The exhibition content is based on photographic documents, copies and other written documents, representing the Jewish ethnic entity that lived some 500 years together with the Macedonian population.

The majority of the exhibited items originate from the end of the XIX c. and the beginning of the XX c. Many family photos of distinguished Jewish families are presented as well as their folk associations, sport societies, rabbis, craftsmen, their participation in NLAWM and the genocide of 11 March 1943 by the fascist military forces according to their ideology.

 

History

Escaping from the inquisition in Spain and Portugal in 1492, about 90,000 Jews came to the Balkans. From that number, 2000 came to Macedonia and about 700 settled in Bitola.

The Jews in Bitola preserved all of their ethnic marks, in the time of the Turkish administration. They were living in the city, concentrated in one space – a ghetto which was established in the space behind today’s “Health home”. In the second half of the 19th century the wealthier families began to settle on the right side of the river Dragor, in today’s area between hotel Macedonia – Broken Mosque – The post office – Restaurant Solun.
Mosque – the post office and Restaurant Solun.

They had their own community, from which they administered activities concerning the religious life as well as their own health, social, cultural and humanitarian needs. These activities were realized trough various funds such as: Matanot Le’Evyjonim – (Gift for the Poor) Ozer Dalim – The health help, Bikur Holim - (Sick Aid), Malbish Irrumim – (Clothing the Naked).

Children were educated in their own religious schools, but they also attended other primary and secondary schools in the city.

During the Fascist aggression, Hitler’s Germany started the notorious genocide of the Jews. Upon immediate occupation of Bitola, the German and Bulgarian military units started to bring terror upon the Jews.. Their homes were marked with specially-made signs with inscriptions like “Here live Jews”. They were forbidden to administer their communities, they were forbidden to administer their communal funds. Because of all the other restrictions they were limited in their possibilities for a normal existence. They lived in fear.

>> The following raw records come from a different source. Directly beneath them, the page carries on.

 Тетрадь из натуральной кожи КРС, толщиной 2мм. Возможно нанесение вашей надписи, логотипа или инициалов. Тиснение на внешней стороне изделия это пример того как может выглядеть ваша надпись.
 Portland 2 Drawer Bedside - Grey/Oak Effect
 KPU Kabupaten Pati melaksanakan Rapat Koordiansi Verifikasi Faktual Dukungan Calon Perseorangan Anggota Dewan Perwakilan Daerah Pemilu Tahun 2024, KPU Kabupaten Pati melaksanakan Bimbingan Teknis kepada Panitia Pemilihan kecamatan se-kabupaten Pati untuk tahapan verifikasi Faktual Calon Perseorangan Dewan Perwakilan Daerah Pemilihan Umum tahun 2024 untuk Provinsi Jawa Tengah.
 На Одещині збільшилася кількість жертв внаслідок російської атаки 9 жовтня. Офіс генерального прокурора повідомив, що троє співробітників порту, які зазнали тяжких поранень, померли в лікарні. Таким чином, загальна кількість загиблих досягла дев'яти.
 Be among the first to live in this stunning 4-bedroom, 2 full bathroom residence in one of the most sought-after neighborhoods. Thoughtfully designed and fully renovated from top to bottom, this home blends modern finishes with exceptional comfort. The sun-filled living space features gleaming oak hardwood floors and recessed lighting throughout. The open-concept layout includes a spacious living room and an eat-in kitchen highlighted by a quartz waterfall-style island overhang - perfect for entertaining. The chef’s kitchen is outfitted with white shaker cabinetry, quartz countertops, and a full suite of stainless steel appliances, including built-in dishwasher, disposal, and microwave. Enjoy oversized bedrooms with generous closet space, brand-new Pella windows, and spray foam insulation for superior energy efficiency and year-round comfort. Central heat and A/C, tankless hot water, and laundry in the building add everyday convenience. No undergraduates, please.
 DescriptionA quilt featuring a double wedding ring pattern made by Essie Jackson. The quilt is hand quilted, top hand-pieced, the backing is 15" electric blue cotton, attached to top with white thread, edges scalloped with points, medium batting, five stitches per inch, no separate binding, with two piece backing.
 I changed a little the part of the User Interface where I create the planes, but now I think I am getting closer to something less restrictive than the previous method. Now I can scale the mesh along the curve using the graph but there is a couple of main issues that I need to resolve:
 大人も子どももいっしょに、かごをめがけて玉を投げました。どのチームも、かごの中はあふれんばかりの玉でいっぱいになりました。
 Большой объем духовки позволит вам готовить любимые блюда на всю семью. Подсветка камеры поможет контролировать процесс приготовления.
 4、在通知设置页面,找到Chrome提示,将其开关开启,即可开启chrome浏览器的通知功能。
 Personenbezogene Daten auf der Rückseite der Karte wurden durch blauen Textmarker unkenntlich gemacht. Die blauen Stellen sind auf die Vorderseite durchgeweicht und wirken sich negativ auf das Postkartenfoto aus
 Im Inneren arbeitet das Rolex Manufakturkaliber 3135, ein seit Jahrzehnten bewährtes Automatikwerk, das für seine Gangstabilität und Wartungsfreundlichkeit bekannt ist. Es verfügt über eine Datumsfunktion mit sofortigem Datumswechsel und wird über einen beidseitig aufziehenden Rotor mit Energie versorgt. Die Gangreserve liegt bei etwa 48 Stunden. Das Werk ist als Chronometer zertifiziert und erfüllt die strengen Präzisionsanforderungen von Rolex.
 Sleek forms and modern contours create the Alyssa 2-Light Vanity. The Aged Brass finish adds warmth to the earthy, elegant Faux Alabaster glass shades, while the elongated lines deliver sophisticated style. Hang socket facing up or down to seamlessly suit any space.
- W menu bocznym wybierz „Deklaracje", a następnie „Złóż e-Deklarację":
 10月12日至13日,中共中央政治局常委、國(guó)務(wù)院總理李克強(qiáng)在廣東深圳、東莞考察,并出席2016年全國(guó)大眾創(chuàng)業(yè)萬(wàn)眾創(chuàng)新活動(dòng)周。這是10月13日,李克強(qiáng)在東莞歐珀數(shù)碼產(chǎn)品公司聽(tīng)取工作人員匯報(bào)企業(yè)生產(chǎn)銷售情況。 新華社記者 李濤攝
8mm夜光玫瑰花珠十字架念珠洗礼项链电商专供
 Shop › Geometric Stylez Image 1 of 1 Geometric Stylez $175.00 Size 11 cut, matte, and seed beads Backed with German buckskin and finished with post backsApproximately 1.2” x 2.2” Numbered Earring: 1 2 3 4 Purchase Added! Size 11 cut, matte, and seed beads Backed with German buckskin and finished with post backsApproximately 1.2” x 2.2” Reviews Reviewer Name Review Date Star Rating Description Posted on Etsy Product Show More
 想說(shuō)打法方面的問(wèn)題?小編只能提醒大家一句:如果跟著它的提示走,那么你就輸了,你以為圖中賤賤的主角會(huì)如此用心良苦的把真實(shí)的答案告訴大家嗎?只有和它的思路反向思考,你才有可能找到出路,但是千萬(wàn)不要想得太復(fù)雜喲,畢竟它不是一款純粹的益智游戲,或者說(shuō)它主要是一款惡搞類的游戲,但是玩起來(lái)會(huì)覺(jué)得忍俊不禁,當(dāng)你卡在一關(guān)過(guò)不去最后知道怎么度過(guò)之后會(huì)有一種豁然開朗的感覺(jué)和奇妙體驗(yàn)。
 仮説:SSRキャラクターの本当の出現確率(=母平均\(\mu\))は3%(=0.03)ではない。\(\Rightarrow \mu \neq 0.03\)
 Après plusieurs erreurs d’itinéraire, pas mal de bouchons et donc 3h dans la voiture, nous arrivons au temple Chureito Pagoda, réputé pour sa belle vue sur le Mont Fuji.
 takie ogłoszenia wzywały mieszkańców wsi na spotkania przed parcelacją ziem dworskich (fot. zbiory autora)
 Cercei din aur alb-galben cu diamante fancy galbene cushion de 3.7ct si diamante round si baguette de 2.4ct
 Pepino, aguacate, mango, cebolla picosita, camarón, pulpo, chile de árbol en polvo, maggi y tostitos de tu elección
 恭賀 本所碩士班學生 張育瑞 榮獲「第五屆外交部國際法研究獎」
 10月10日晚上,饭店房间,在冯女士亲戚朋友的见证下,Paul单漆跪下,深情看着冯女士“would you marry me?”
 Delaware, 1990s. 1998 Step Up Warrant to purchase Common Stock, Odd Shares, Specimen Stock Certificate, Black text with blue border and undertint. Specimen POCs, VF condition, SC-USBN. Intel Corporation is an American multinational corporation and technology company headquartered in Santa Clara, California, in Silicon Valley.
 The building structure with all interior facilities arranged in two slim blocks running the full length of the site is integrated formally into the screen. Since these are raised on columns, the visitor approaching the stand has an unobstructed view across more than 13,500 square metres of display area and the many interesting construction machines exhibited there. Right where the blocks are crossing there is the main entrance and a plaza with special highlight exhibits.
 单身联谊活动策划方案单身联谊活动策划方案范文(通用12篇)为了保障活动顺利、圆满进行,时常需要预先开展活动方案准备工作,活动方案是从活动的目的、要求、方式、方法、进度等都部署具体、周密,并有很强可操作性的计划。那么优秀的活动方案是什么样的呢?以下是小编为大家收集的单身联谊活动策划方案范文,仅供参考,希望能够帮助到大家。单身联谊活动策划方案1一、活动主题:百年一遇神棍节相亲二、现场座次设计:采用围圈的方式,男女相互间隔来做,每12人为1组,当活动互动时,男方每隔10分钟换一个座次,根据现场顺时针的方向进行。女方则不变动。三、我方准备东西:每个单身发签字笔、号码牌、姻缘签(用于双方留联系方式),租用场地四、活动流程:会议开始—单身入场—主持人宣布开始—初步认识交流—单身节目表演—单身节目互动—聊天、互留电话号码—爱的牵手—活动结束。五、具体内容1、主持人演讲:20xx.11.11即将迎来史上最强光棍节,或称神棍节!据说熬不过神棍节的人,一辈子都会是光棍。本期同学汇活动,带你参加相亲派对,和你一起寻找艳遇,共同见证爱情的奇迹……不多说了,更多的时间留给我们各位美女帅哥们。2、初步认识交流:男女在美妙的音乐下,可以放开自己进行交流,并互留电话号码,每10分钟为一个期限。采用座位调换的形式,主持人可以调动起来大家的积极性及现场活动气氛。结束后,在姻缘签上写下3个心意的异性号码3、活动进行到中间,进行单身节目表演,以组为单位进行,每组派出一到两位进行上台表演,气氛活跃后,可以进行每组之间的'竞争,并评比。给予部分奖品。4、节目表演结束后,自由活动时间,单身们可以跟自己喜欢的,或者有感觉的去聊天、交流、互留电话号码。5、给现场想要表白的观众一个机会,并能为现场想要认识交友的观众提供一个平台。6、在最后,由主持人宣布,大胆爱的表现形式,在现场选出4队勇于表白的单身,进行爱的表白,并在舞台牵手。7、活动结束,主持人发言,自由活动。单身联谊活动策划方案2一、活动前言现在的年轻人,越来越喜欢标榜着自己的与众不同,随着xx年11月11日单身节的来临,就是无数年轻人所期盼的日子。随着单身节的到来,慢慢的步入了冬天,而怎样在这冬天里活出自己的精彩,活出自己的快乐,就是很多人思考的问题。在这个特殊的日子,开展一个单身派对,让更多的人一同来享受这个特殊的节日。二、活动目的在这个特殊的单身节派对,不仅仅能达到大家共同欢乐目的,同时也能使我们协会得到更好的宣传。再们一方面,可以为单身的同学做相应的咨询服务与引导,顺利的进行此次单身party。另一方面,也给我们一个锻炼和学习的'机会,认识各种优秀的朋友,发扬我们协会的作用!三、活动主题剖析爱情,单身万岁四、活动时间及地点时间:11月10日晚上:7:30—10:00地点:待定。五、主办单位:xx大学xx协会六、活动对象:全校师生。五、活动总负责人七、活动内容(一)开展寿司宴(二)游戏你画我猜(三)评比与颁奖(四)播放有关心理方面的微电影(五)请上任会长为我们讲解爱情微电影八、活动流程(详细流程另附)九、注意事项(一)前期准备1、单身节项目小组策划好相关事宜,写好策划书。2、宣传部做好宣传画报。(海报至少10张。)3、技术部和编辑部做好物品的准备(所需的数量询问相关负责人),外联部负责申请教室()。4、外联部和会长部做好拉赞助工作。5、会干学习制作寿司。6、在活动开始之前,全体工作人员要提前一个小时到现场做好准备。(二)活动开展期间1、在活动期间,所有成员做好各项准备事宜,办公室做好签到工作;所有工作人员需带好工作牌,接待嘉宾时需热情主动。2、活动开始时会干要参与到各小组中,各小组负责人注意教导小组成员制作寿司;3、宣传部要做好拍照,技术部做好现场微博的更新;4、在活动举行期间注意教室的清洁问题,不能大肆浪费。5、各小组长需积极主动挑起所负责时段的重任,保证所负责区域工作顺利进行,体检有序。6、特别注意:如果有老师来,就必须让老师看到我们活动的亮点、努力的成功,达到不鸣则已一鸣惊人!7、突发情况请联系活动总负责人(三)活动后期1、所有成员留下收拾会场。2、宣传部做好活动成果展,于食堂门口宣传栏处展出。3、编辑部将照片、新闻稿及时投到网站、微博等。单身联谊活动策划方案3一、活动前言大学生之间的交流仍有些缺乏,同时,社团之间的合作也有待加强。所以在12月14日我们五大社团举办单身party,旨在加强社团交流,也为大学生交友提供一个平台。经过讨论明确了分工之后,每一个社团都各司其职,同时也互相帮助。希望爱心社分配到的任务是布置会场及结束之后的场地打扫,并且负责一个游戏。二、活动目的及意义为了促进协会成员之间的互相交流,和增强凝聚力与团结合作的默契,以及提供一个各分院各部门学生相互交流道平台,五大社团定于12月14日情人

On the 11th of March 1943, the Act of the genocide, the most terrible tragedy of the Jews from Bitola and Macedonia happened.

3,351 Jewish descendents from Bitola, together with the other Jews from Macedonia, were taken in the Concentration camps of death in Treblinka, by the 5th of April, from which no Jew from Macedonia ever returned.

The Jews from Bitola, even though they were robbed, marked, tortured and tortured in different ways, helped the National Liberation and Anti-Fascist Movement.

Some of the young Jews who had escaped from the blockade, joined the partisan units.